New Discovery to Aid in Water Purification

A new invention by the name of Matrix Assembly Cluster Source (MACS) is a breakthrough in methods of water treatment. The research was conducted at the College of Engineering at Swansea University with the lead researcher being Professor Richard Palmer. Professor Palmer clarifies: "The harmful organic molecules are destroyed by a powerful oxidising agent, ozone, which is boosted by a catalyst. Usually such catalysts are manufactured by chemical methods using solvents, which creates another problem -- how to deal with the effluents from the manufacturing process? The Swansea innovation is a newly invented machine that manufactures the catalyst by physical methods, involving no solvent, and therefore no effluent. The new technique is a step change in the approach to water treatment and other catalytic processes." The approach incorporates a vacuum-based and solvent free physical process to make a catalyst for treatment. The particles among the catalysts itself are clusters of silver atoms made with the new MACS machine. The clusters are also said to be about 10,000 times smaller than the width of human hair.

What Problems does the new technology address?

One of the major problems in inventing water treatment machines such as MACS has been the typical low cluster production rate which made research limited in this field. But, MACS was able to bypass this by producing enough clusters to study “at the test-tube level,” making far more advanced than other inventions alike. The machine does this by “[scaling] up the intensity of the cluster beam to produce enough grams of cluster powder for practical testing.” Furthermore, the clusters also incorporate the addition of ozone that completely destroys remnant chemical pollutants like nitrophenol in the water.

Limits of this new invention

The primary issue with this technology is that it is relatively new. It claims to be an effective treatment for water pollution but further research needs to be conducted on how cluster production will work on a larger scale beyond just for test-tube research. Furthermore, the complicated structure of the process may give rise to the fact that this could be a potentially expensive method that may not be feasible, which means it requires further studies to comprehend how it can be produced to use globally. There may be other potential risks to using such technology that has not yet been discovered which is why it may not be safe or completely effective in treating large water bodies.

Ongoing Areas of Research in Water Pollution and Cluster inventions

  1. Use of biosensors within the machine to identify and customize water treatment.

  2. Develop a better understanding of the formation of hazardous transformation products during water treatment for reuse and ways to minimize or remove them.

  3. Efficient method for removal of toxic compounds including metals and refractory organics.

  4. Cost effective method to remove dissolved solids from wastewater.

Closing Remarks

With toxic chemicals already adding on to the exponentially growing crisis that is water pollution, any helpful change or technology is urgent.
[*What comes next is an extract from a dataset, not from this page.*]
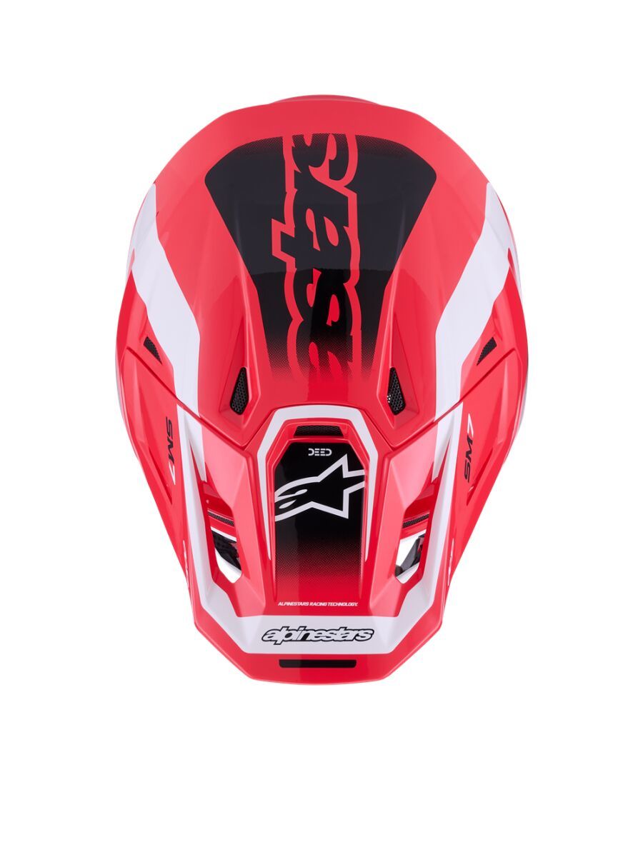 S-M7 Deed HelmetEngineered for off-roading racing, and is optimized to offer the perfect blend of superior ventilation and comfort in a lightweight, helmet while its supremely aerodynamic composite shell delivers exceptional impact protection A-Head Fitment and Visor Detaching System, the S-M7 is equipped with PLASMA technology at the lower side of the shell edge for optimum energy dissipation in case of contact with the collar bone area Key Features Aerodynamic profile design offers a smooth, streamlined shell free of any external channels and features that might act as a load point in an impact or compromise the overall integrity of the helmet's construction The shell's curvature promotes reduced friction on impact, allowing deflection and the most efficient transfer of energy to protect the rider's head from direct force and referred to the neck and spinal column Ultra-ventilated helmet with 20 individual intake and exhaust ports, not including the eye port, with 13 intakes and 7 exhausts, for optimum ventilation The fit can be further customized via the Alpinestars replacement cheek pads, which are available in all thicknesses and are exchangeable between all shell sizes Communication System Compatible — Cutaway section on the left-side of the EPS to seamlessly accommodate Intercom Systems, with earphone recesses on both sides for speakers Construction Linings are removable and washable by hand using warm water and neutral soap Fabrics have antimicrobial treatments Top Pad — The top pad is removable and adjustable in height thanks to the A-head system Crown Pad — Crown pad and neck pad are elastically connected, for better oblique impact management Cheek Pads — The cheek pads are fitted 3D foam, with an emergency extraction system (ERS), with a channel for hydration tube installation Cheek pads are interchangeable among all sizes Chin Strap — Chin strap is fitted with a 25 mm width nylon strap, stainless steel DD rings, removable covers for washing purpose Integrated channels on both sides to accommodate a hydration system Protection Visor Detaching System features a release mechanism is conceived to avoid the inherent weaknesses in other anchoring systems Visor is engineered to automatically detach from the shell when it is subjected to an impact energy greater than 15 Joules for optimum impact protection, regardless of the direction PLASMA inside; Alpinestars PLASMA technology is strategically-integrated into the S-M7's side pads for high performance shock absorption in a critical area, significantly reducing risk of injuries 42% Fiberglass, 20% Polystyrene (EPS), 10% Polyurethane, 8% Polypropylene, 5% Polyvinil Chloride, 5% Steel, 4% Polyamide, 3% Acrylonitrile-Butadiene-Styren, 3% Polyester

This new invention is a minor yet imperative solution that will help decrease aquatic contamination while also keeping the water we consume, safe and clean.

Works Cited:

Adejumoke A., I. (2018, March 21). Water Pollution: Effects, Prevention, and Climatic Impact | IntechOpen. IntechOpen.

Committee on the Assessment of Water Reuse as an Approach to Meeting Future Water Supply Needs; Water Science and Technology Board; Division on Earth and Life Studies; National Research Council. (2020). Read “Water Reuse: Potential for Expanding the Nation’s Water Supply Through Reuse of Municipal Wastewater” at The National Academies Press.
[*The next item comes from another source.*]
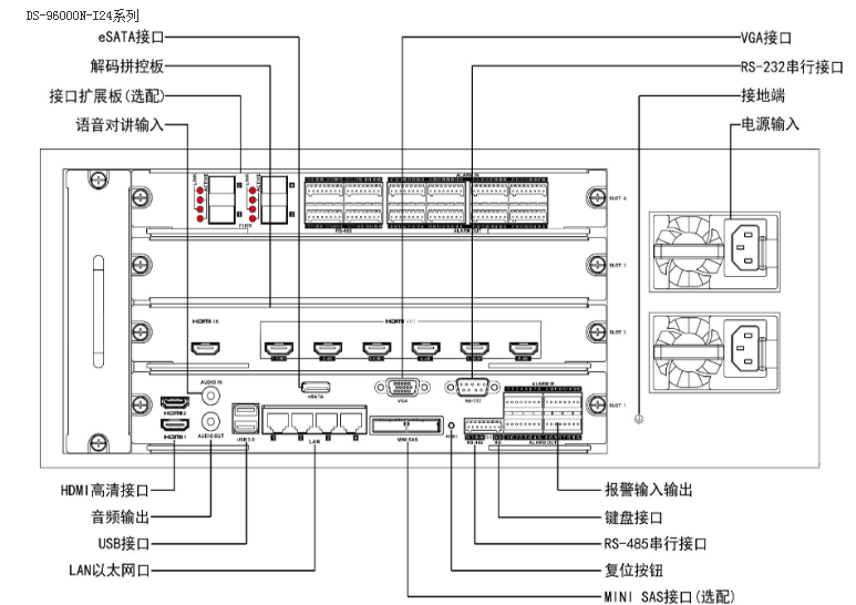 DS-96000N-I24/H系列是海康威视自主研发的新一代NVR&解码上墙一体机,全插拔模块化无线缆设计,H.265&H.264码流混接混解, 4K高清上墙,轮巡拼控,一机两用,既可作为NVR进行本地独立工作,也可进行电视墙的拼控管理,同时可联网组成一个强大的防范系统。

Denchak, M. (2018, May 14). Water Pollution: Everything You Need to Know. NRDC.

Disinfection with Chlorine | Public Water Systems | Drinking Water | Healthy Water | CDC. (2015, June 22). Centers for Disease Control and Prevention.

Hancock, N. (2017, January 10). Conventional Water Treatment: Coagulation and Filtration. Safe Drinking Water Foundation.

Reverse Osmosis Water Exposed - What They Don’t Tell You. (2016). AquaLiv.